WORK ORDER:
Give a verbatim copy of the lines below, minus the pictures.

DATASET SECTION:
* * * * *
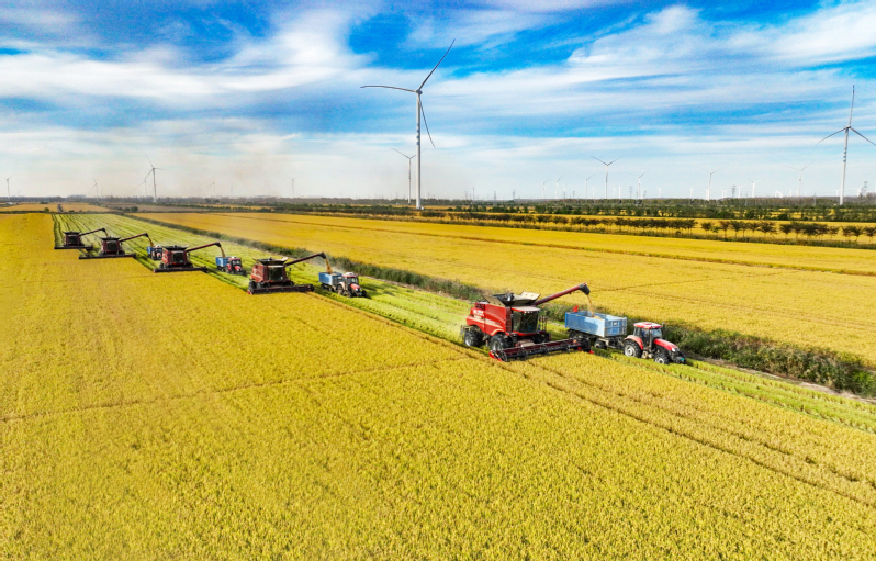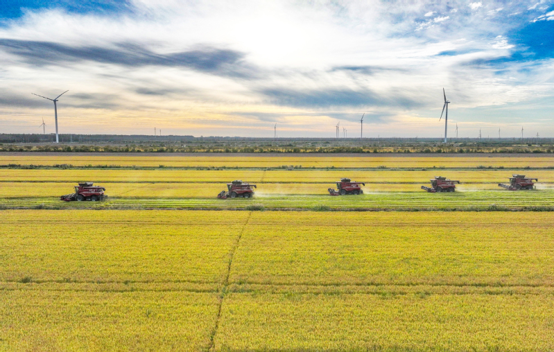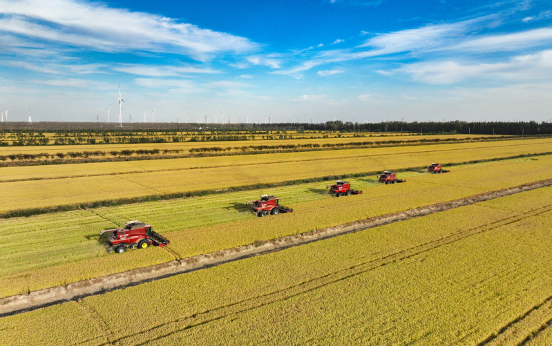 2023年10月28日,在苏垦农发新洋分公司新南生产区19大队的高标准农田上,五台凯斯7088大型联合收割机穿梭在稻田中抢收水稻。苏垦农发新洋分公司抢抓晴好天气,发挥农垦企业机械化优势,确保秋粮颗粒归仓。
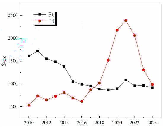 Global primary PGM resources are increasingly depleted, with approximately 70% of the reserves concentrated in countries such as South Africa and Russia. The distribution of global PGM reserves is shown in Figure 1. According to the 2024 report released by Anglo American, a South Africa-rooted global mining giant, the ore grade of its platinum mines has dropped from 4.5 g per ton in 2010 to 2.8 g per ton in 2024, while the mining costs have surged by 60% [1,2,3,4,5,6,7,8]. As the world’s largest consumer of PGMs, China has relatively low primary reserves and an extremely high degree of external dependence. Demand for PGMs remains robust globally in the context of green energy transition and industrial sectors, with an estimated annual growth rate maintaining a high level of 10–15%, particularly in key industries such as new energy vehicles, petrochemicals, and electronic information [9]. The growth rate of global demand for PGMs by industry from 2020 to 2024 is shown in Figure 2. This growth is particularly prominent in the petrochemical sector. In 2024, the massive commissioning of global catalytic reforming units—with the estimated new capacity reaching around 12 million tons per year—has directly driven an annual increase of approximately 15 tons in the demand for palladium [10]. Currently, the global recycling level of PGMs is far from meeting the consumption scale of primary mineral resources, with the recovery rate remaining at a low level for a long time. The supply capacity of secondary resources is limited, which has exacerbated the structural shortage in the market. Among various secondary resources, spent automotive exhaust catalysts are the most important contributors in the recycling value chain, forming the absolute source of recycled PGMs. Driven by this supply–demand fundamental, the international spot prices and domestic recycling prices of metals such as platinum and palladium have both shown characteristics of operating at high levels with significant fluctuations in recent years [11,12,13]. The trend of international spot prices of Pt/Pd from 2010 to 2024 is shown in Figure 3. This profoundly reflects their irreplaceable scarcity and high economic value in key application fields.
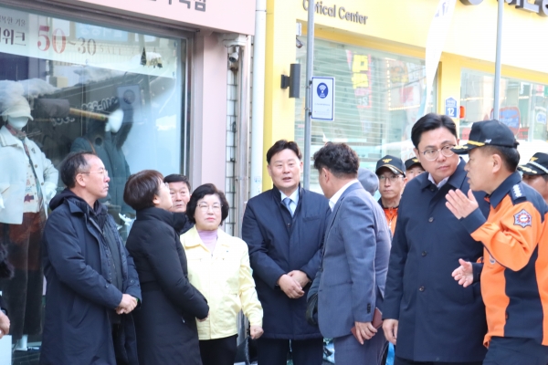 최종현 대표의원은 이날 이용욱 총괄수석, 고은정 경제노동위원장, 김옥순 소통·협력부대표 등과 함께 도깨비시장 아케이드 붕괴 현장을 둘러보고 피해복구 현황에 대해 보고받았다.
* * * * *
OUTPUT FOR THIS EXERCISE:
 2023年10月28日,在苏垦农发新洋分公司新南生产区19大队的高标准农田上,五台凯斯7088大型联合收割机穿梭在稻田中抢收水稻。苏垦农发新洋分公司抢抓晴好天气,发挥农垦企业机械化优势,确保秋粮颗粒归仓。
 Global primary PGM resources are increasingly depleted, with approximately 70% of the reserves concentrated in countries such as South Africa and Russia. The distribution of global PGM reserves is shown in Figure 1. According to the 2024 report released by Anglo American, a South Africa-rooted global mining giant, the ore grade of its platinum mines has dropped from 4.5 g per ton in 2010 to 2.8 g per ton in 2024, while the mining costs have surged by 60% [1,2,3,4,5,6,7,8]. As the world’s largest consumer of PGMs, China has relatively low primary reserves and an extremely high degree of external dependence. Demand for PGMs remains robust globally in the context of green energy transition and industrial sectors, with an estimated annual growth rate maintaining a high level of 10–15%, particularly in key industries such as new energy vehicles, petrochemicals, and electronic information [9]. The growth rate of global demand for PGMs by industry from 2020 to 2024 is shown in Figure 2. This growth is particularly prominent in the petrochemical sector. In 2024, the massive commissioning of global catalytic reforming units—with the estimated new capacity reaching around 12 million tons per year—has directly driven an annual increase of approximately 15 tons in the demand for palladium [10]. Currently, the global recycling level of PGMs is far from meeting the consumption scale of primary mineral resources, with the recovery rate remaining at a low level for a long time. The supply capacity of secondary resources is limited, which has exacerbated the structural shortage in the market. Among various secondary resources, spent automotive exhaust catalysts are the most important contributors in the recycling value chain, forming the absolute source of recycled PGMs. Driven by this supply–demand fundamental, the international spot prices and domestic recycling prices of metals such as platinum and palladium have both shown characteristics of operating at high levels with significant fluctuations in recent years [11,12,13]. The trend of international spot prices of Pt/Pd from 2010 to 2024 is shown in Figure 3. This profoundly reflects their irreplaceable scarcity and high economic value in key application fields.
 최종현 대표의원은 이날 이용욱 총괄수석, 고은정 경제노동위원장, 김옥순 소통·협력부대표 등과 함께 도깨비시장 아케이드 붕괴 현장을 둘러보고 피해복구 현황에 대해 보고받았다.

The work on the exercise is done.